The built-in search bar appears in the header toolbar. Type a query and results are highlighted across the entire document. Navigate with:

ShortcutAction
EnterNext match
Shift + EnterPrevious match
EscapeClear search

The search count shows "3 of 27" with up/down arrows for navigation.

Pre-Search on Load

Pass initialSearchTerms to highlight terms as soon as the document loads:

<DocViewer
document={{ uri: '/contract.pdf' }}
initialSearchTerms={['liability', 'indemnification', 'termination']}
/>
  • The viewer auto-scrolls to the first match
  • Each term gets a distinct highlight color (up to 5 built-in colors)
  • Colors are customizable via --dv-highlight-term-1 through --dv-highlight-term-5

Using the engine API or React hooks:

import { useSearch } from 'doclens';

function SearchPanel() {
const { query, count, activeIndex, search, nextMatch, prevMatch, clearSearch } = useSearch();

return (
<div>
<input value={query} onChange={(e) => search(e.target.value)} />
<span>{activeIndex + 1} / {count}</span>
<button onClick={prevMatch}>Prev</button>
<button onClick={nextMatch}>Next</button>
<button onClick={clearSearch}>Clear</button>
</div>
);
}

Search Events

<DocViewer
document={{ uri: '/report.pdf' }}
onSearchChange={(query, results) => {
console.log(`"${query}": ${results.length} matches`);
// results[i].text — matched text
// results[i].page — page number (PDF)
// results[i].index — result index
}}
/>

OCR (Optical Character Recognition)

doclens supports OCR via Tesseract.js for finding text inside images and scanned PDF pages.

Enable OCR

<DocViewer document={{ uri: '/scanned-invoice.pdf' }} enableOCR />
npm install tesseract.js  # required for OCR

How It Works

  1. Eager processing — OCR starts as soon as the PDF loads, not when you search. By the time you type a query, OCR data is usually ready.

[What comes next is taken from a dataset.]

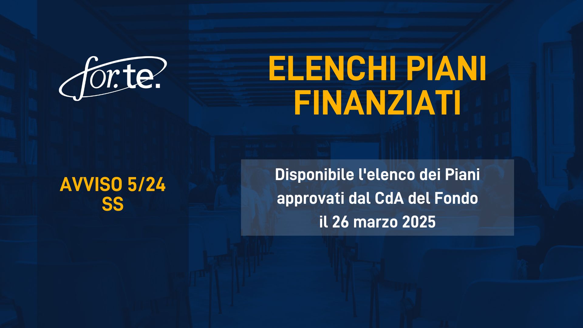 Nella stessa seduta il Consiglio di Amministrazione di For.Te. ha inoltre deliberato il finanziamento a scorrimento dei Piani finanziabili ma non finanziati per esaurimento delle risorse disponibili per lo stesso Avviso.

  2. Mixed-content PDFs — pages with both embedded text and images are handled correctly. The PDF engine finds text-layer matches while OCR finds text in images. Results are merged with spatial deduplication (OCR results that overlap existing text-layer matches are skipped).

  3. Sorted navigation — all results (text-layer and OCR) are sorted by page number and vertical position, so navigation follows the natural reading order.

  4. Progressive UX — if OCR is still processing when you search, the count shows "1 of 27+" with a spinner. Once OCR finishes, results update automatically (e.g., to "1 of 44"). If you wait for OCR to complete before searching, all results appear immediately.

  5. Image files — standalone images (PNG, JPG, etc.) are also OCR-processed when enableOCR is true, enabling search within photos, screenshots, and scanned documents.

OCR Progress Events

<DocViewer
document={{ uri: '/scanned.pdf' }}
enableOCR
onSearchChange={(query, results) => {
// Called initially with text-layer results,
// then again when OCR results are ready
}}
/>

The engine also emits ocrProgress events:

engine.on('ocrProgress', ({ processing }) => {
if (processing) {
showSpinner();
} else {
hideSpinner();
}
});

Without Tesseract.js

If tesseract.js is not installed, OCR is skipped silently. Text-layer search for PDFs and all other formats work normally. No errors are thrown.